Sergei Kolubin describes the application of sociology in robotics as follows:
“For example, some 20-30 years later, we’ll come to understand that we didn’t account for some effects that the development of robotics has on society. In order to not make things worse for humanity in general or for specific people, it’s better to take notice of such things right from the start. And this won’t do without specialists in sociology. Robotics is a field for not just specialists in electronics, mechanics and programming, there are many tasks for everyone.”
Those who want to code also join the program:
“Every year, we see that those who join our program want to see themselves as good applied programmers. This has to do with the landscape of the labor market. There are two essential factors for a robotics specialist: on the one hand, the knowledge of the subject field, understanding the specifics of the systems they are working with, knowledge of physical correlations and mathematical apparatus, and on the other — skills associated with developing and debugging code that implements complex models and algorithms in Python, C/C++, Java and other languages in various environments,” comments Sergei Kolubin.
The program’s team sets the task of training a new type of specialists at the interface of subjects. They also hope that this will help them with their own research, as Master’s level education is a lot about co-creation, and ITMO’s strategic goal is generation of new knowledge, technologies, businesses and markets.
Advantages of the program
According to Sergei Kolubin, doing a Master’s program at ITMO has several important advantages. First of all, the lecturers at these programs are scientists who work at the frontlines of their professional fields, which provides for a unique and relevant curriculum.
“ITMO University has great researchers in the field of control science. We’ve also been in the first hundred of ARWU (Academic Ranking of World Universities) in the field of automation and control. Our students get the opportunity to learn first-hand about the new methods and technologies of sensorless control, identification of systems, the synthesis of adaptive controllers and energy-aware control. We also offer unique courses in generative design of robotic systems,” adds Sergei Kolubin.
Secondly, the infrastructure. The program has world-class research equipment: robotic systems, labs, robotic manipulators and collaborative robots, mobile robots, drones and so on, and the Master’s students will have access to it.
Thirdly, the corporate partners. Among them are such companies as Sber, Geoscan, StarLine, Diakont, Taurus-Fenix and Arrival Rus.
Academic partners are also ITMO’s strong point.
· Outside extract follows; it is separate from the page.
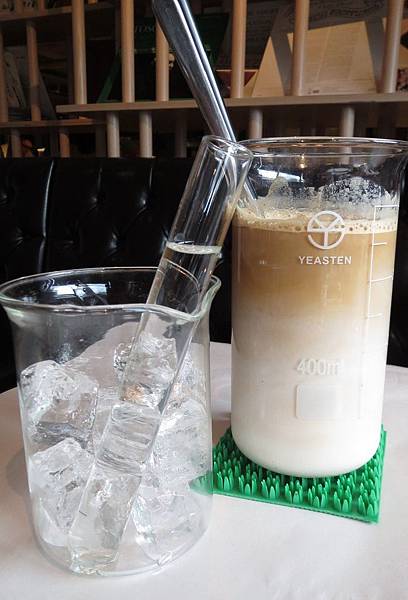 點了一杯冰拿鐵,端來一看處處是驚喜:咖啡裝在實驗室的燒杯裡,糖水則放在試管內,杯墊則是塑膠草皮!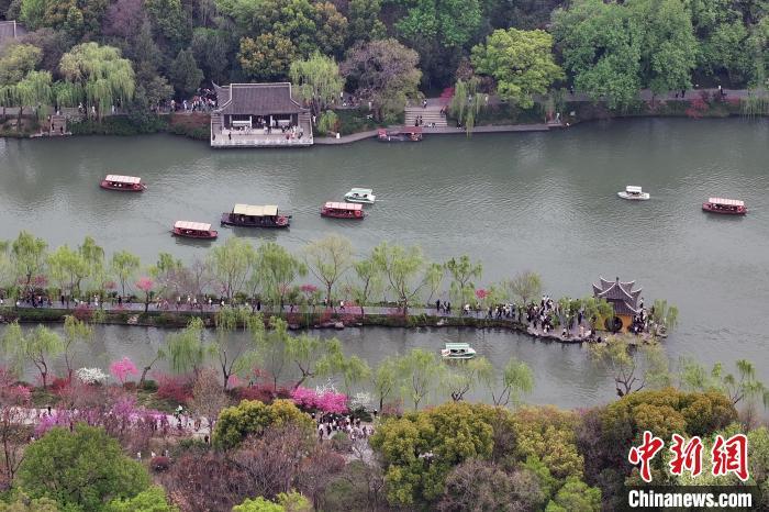 资料图:江苏扬州瘦西湖风景区游人如织。当日是清明假期第一天,民众纷纷走出家门,踏青游玩,乐享春光。(无人机照片)中新社记者 泱波 摄

The Robotics and Artificial Intelligence program is considered an international educational program, hence a high level of international activity.
“This gives us an opportunity to involve best international lecturers and scientists, and our students can participate in academic mobility programs, for example as part of Erasmus+ at best universities of the Netherlands, France, Finland, Italy, and Norway. What’s more, we have joint programs with TalTech (Estonia) and LUT (Finland). Every year, up to 10 students enroll at joint programs,” comments Sergei Kolubin.
He adds that the program’s Master’s students are potential employees of international laboratories and participants of joint projects with industrial partners.This gives them an opportunity to pursue their careers while studying and earn good money at the university.